#### EXCERPTED DATA ####
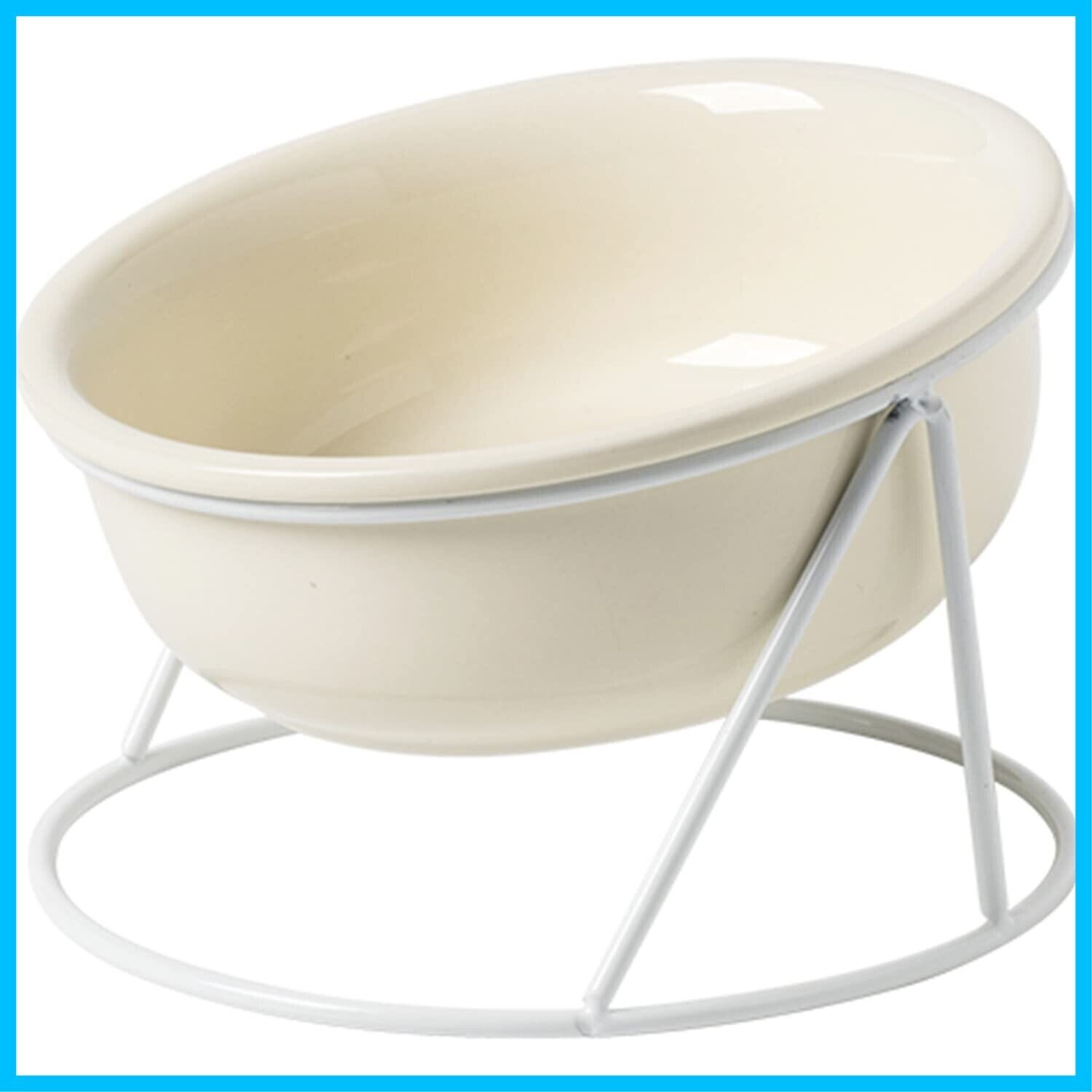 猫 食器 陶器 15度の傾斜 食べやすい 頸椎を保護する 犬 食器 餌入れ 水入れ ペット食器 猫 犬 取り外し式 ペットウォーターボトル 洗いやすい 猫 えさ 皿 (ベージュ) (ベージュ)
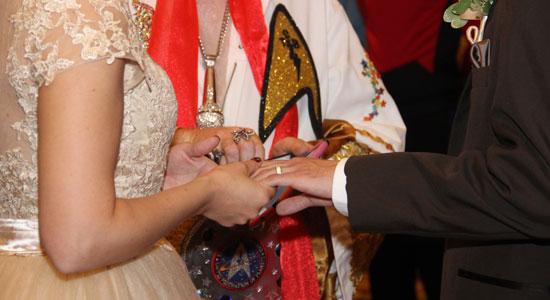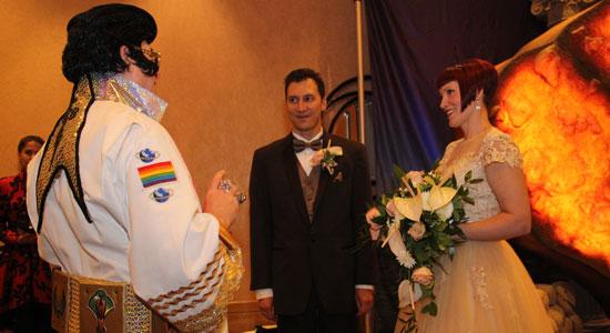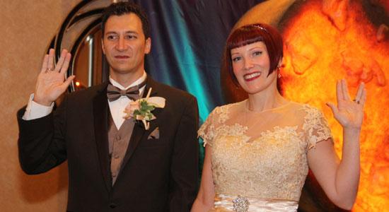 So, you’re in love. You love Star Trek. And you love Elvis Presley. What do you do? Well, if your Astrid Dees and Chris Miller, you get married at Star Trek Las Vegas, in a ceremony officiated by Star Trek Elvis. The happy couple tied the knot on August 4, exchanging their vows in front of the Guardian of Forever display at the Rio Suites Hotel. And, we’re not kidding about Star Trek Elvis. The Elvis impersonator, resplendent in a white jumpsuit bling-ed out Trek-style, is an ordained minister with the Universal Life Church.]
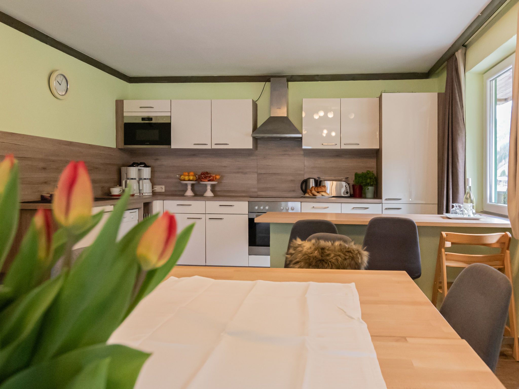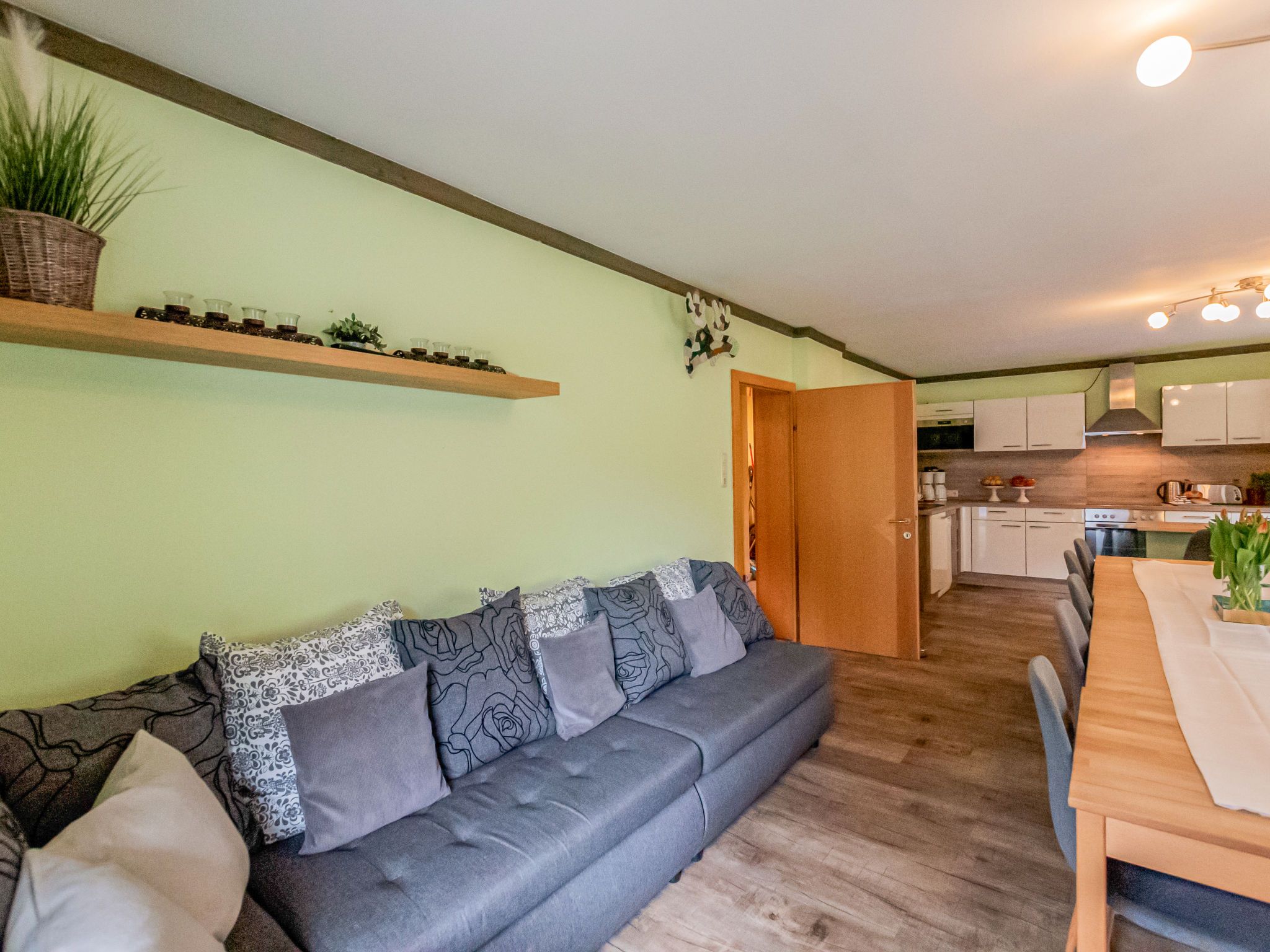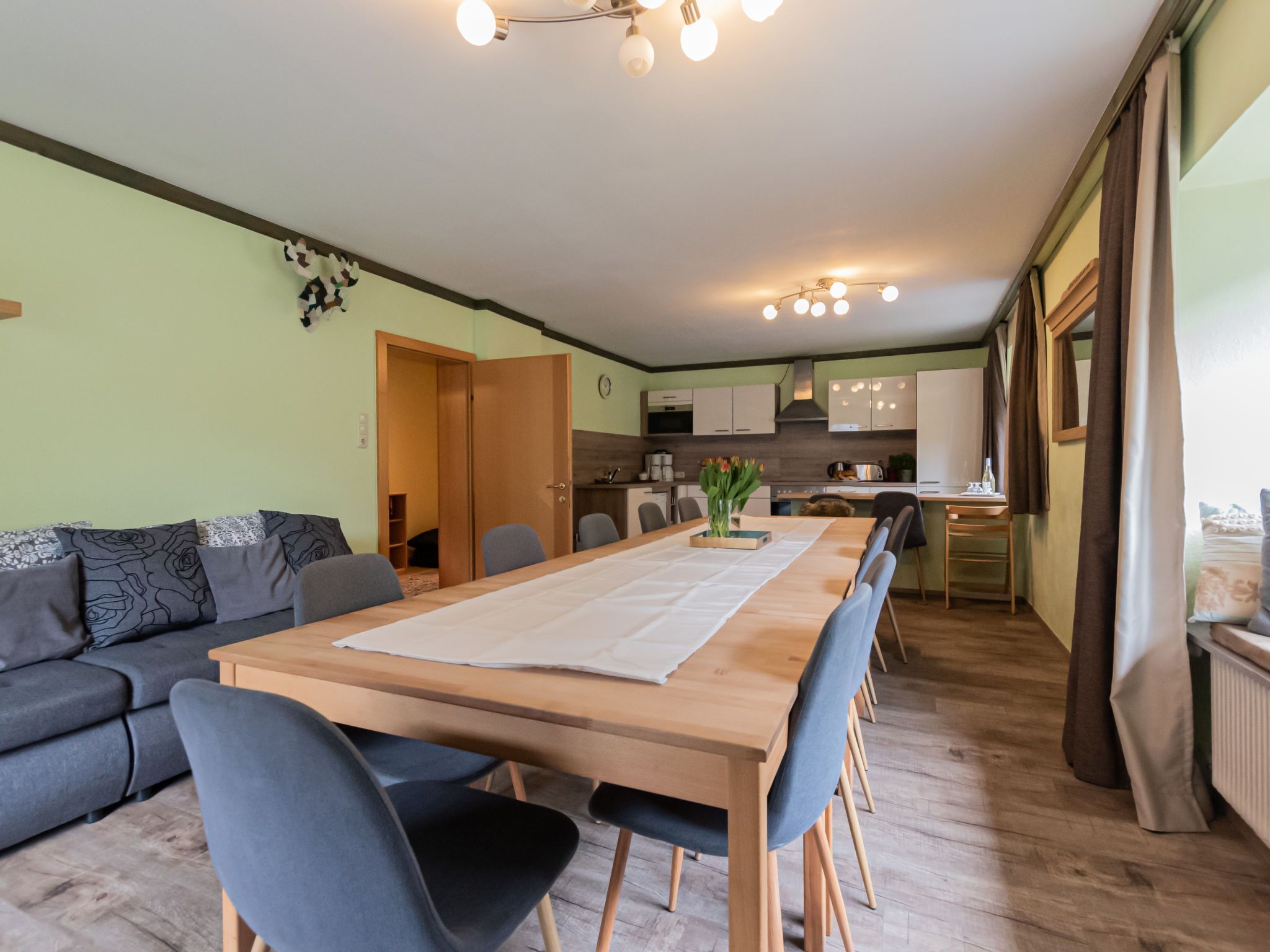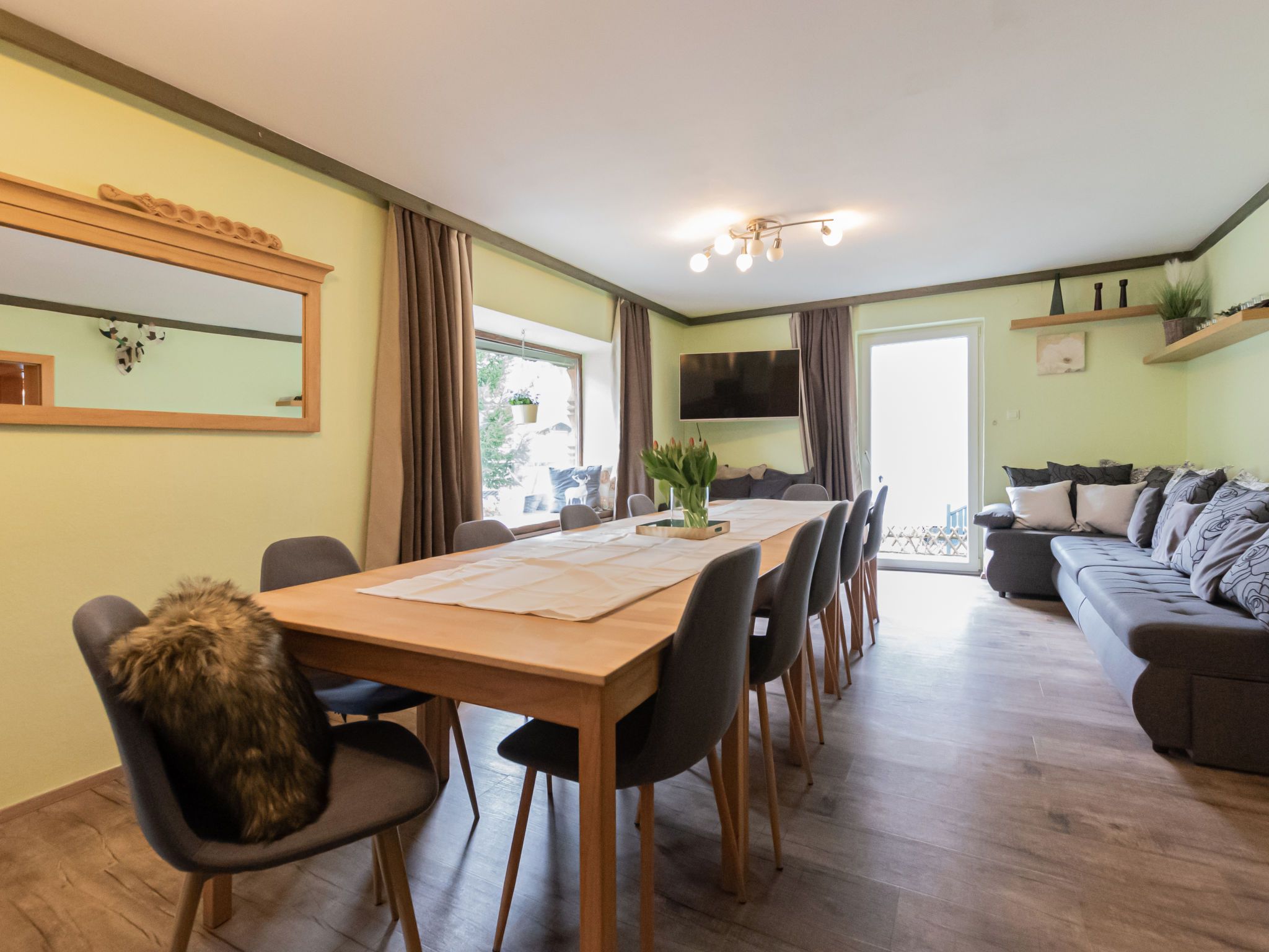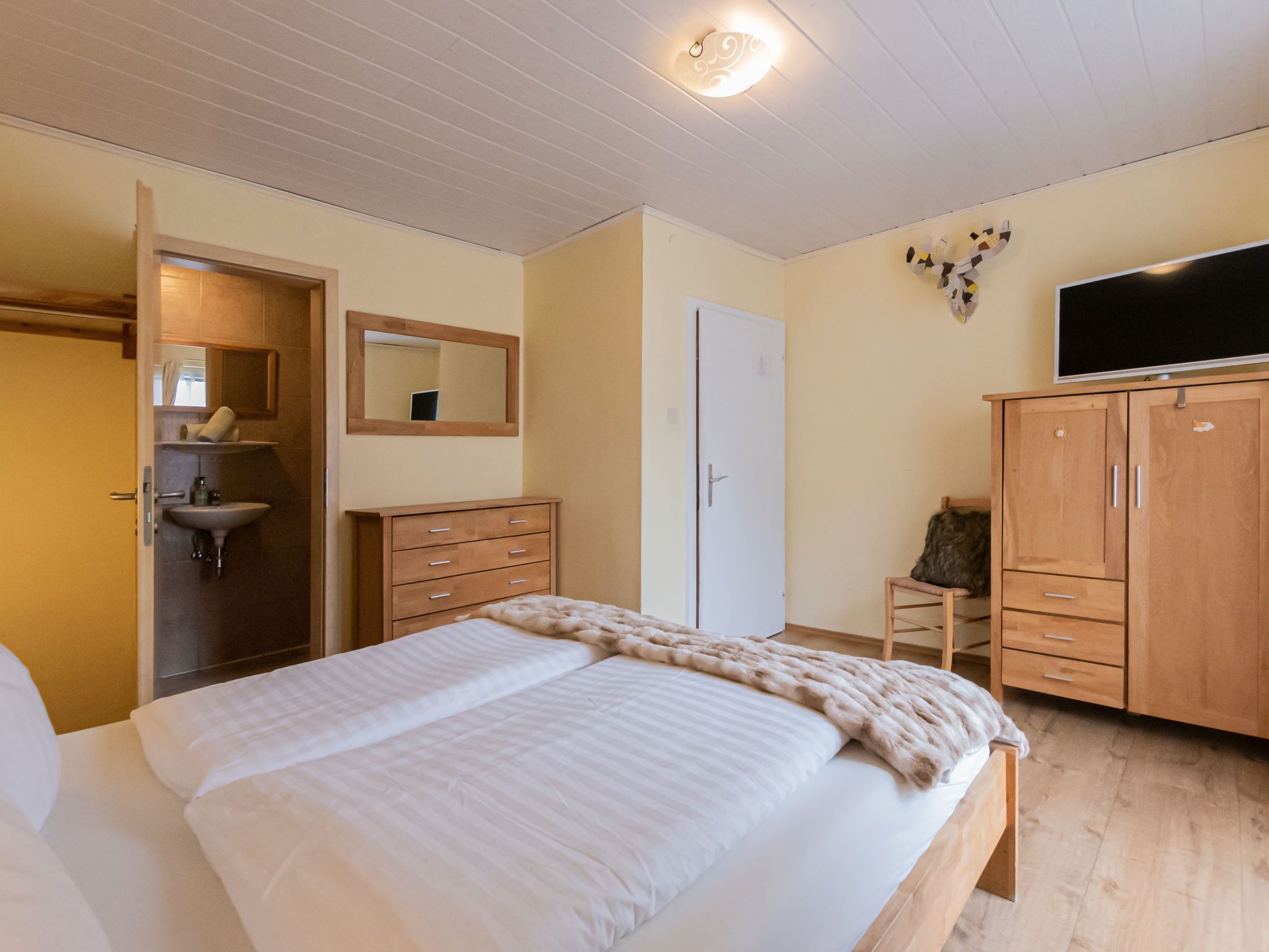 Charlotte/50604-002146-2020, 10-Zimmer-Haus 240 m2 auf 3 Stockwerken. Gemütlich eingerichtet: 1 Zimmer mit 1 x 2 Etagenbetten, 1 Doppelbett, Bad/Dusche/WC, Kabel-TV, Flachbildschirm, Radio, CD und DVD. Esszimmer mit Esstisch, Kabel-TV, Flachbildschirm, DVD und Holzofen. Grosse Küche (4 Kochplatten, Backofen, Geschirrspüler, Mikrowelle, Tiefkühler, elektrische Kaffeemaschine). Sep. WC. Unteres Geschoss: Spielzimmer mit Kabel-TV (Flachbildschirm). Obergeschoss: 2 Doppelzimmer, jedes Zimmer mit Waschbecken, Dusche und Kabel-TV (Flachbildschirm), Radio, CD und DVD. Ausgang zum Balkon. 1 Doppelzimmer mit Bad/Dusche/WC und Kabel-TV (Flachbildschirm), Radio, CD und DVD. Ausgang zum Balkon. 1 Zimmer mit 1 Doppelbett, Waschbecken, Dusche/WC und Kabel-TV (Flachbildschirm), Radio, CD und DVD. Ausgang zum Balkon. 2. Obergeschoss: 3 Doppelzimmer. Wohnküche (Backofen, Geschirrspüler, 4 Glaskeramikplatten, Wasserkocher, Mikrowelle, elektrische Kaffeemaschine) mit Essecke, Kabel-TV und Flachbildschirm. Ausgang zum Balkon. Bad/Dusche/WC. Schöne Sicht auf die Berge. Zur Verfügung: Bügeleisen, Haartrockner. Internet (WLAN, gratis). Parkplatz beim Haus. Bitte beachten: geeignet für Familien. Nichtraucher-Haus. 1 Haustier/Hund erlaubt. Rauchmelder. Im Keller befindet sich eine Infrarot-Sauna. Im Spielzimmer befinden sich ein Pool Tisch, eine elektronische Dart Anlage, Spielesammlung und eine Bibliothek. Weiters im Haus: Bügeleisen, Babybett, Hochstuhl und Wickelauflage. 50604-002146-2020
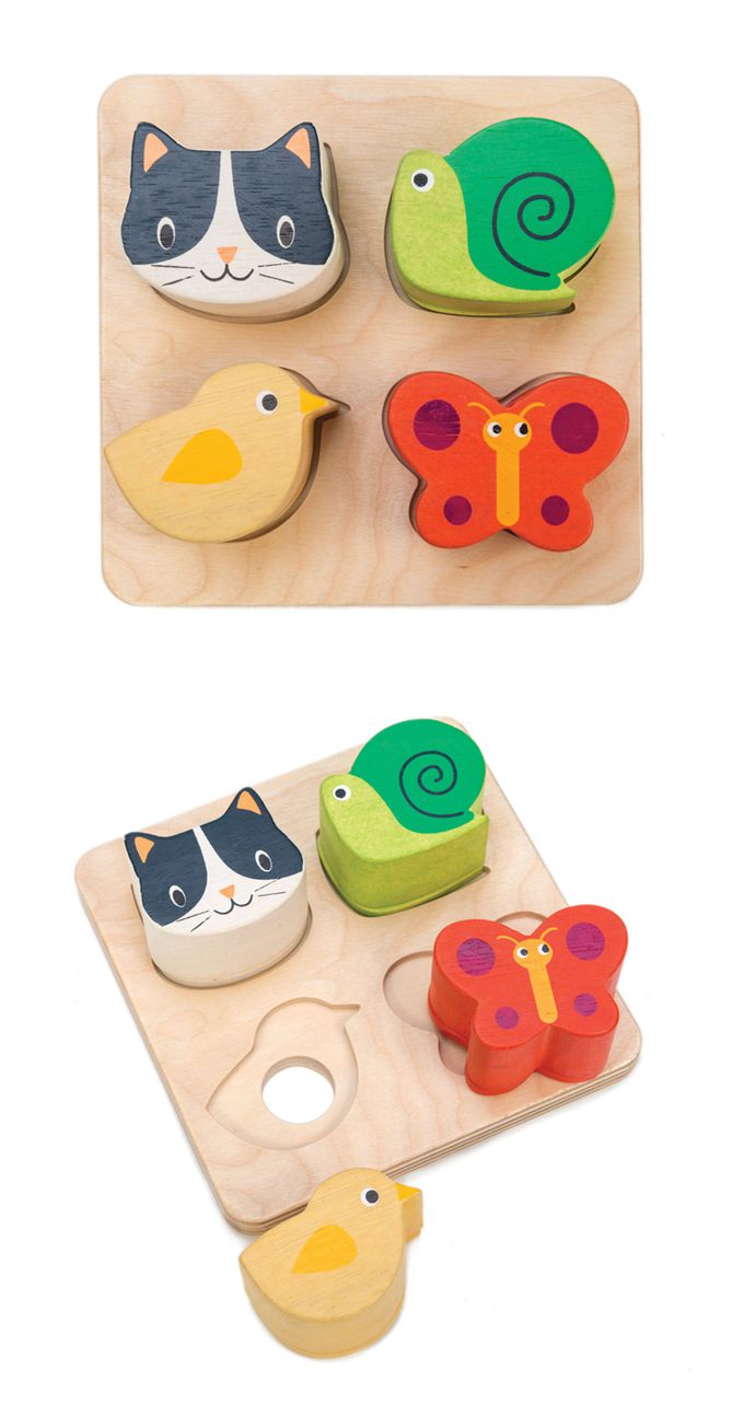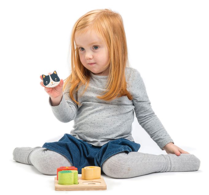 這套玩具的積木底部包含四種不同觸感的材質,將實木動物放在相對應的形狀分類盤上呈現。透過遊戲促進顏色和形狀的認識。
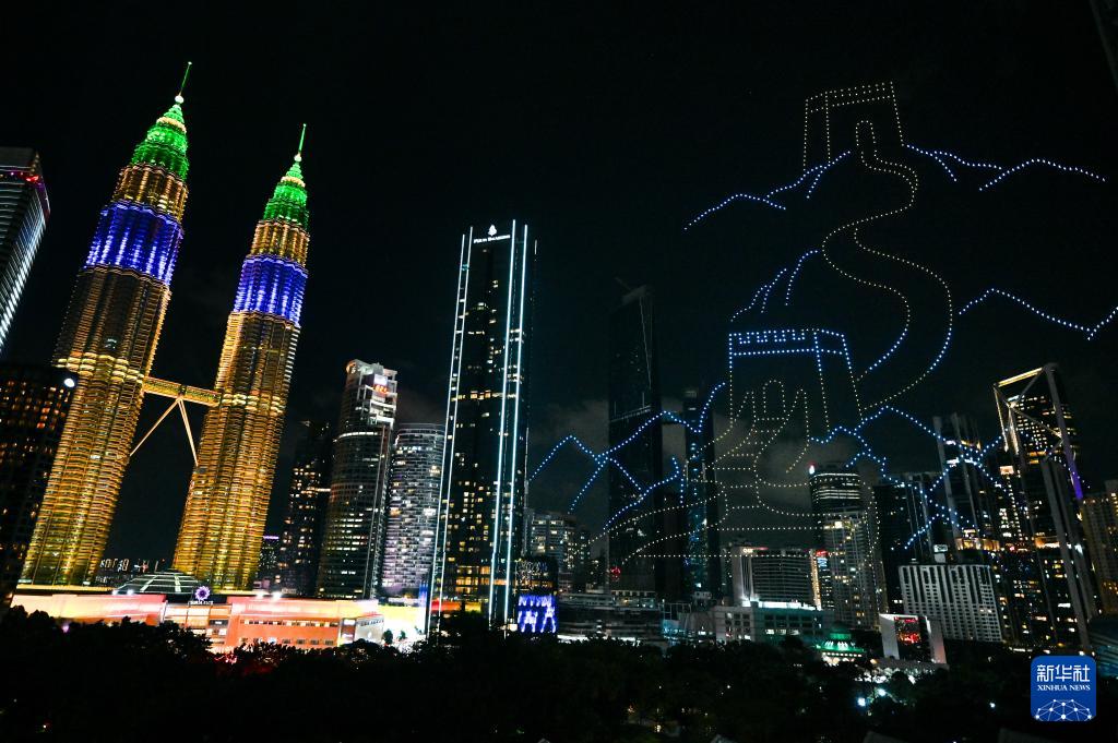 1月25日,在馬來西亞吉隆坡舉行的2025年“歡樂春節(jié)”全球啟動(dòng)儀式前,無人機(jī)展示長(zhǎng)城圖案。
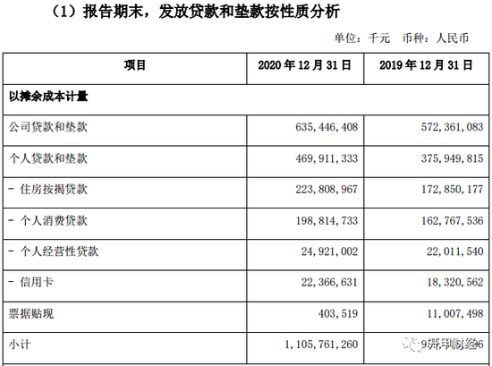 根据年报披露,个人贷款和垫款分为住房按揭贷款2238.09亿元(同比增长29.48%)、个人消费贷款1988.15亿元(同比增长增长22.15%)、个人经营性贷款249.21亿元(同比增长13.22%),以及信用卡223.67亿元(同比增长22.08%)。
####
EXERCISE DIRECTIONS: A word-for-word copy is required of the lines above from the line with "這套玩具的積木底部包含四種不" through the last line of the data; no other lines and no pictures belong in it.

EXERCISE OUTPUT:
 這套玩具的積木底部包含四種不同觸感的材質,將實木動物放在相對應的形狀分類盤上呈現。透過遊戲促進顏色和形狀的認識。
 1月25日,在馬來西亞吉隆坡舉行的2025年“歡樂春節(jié)”全球啟動(dòng)儀式前,無人機(jī)展示長(zhǎng)城圖案。
 根据年报披露,个人贷款和垫款分为住房按揭贷款2238.09亿元(同比增长29.48%)、个人消费贷款1988.15亿元(同比增长增长22.15%)、个人经营性贷款249.21亿元(同比增长13.22%),以及信用卡223.67亿元(同比增长22.08%)。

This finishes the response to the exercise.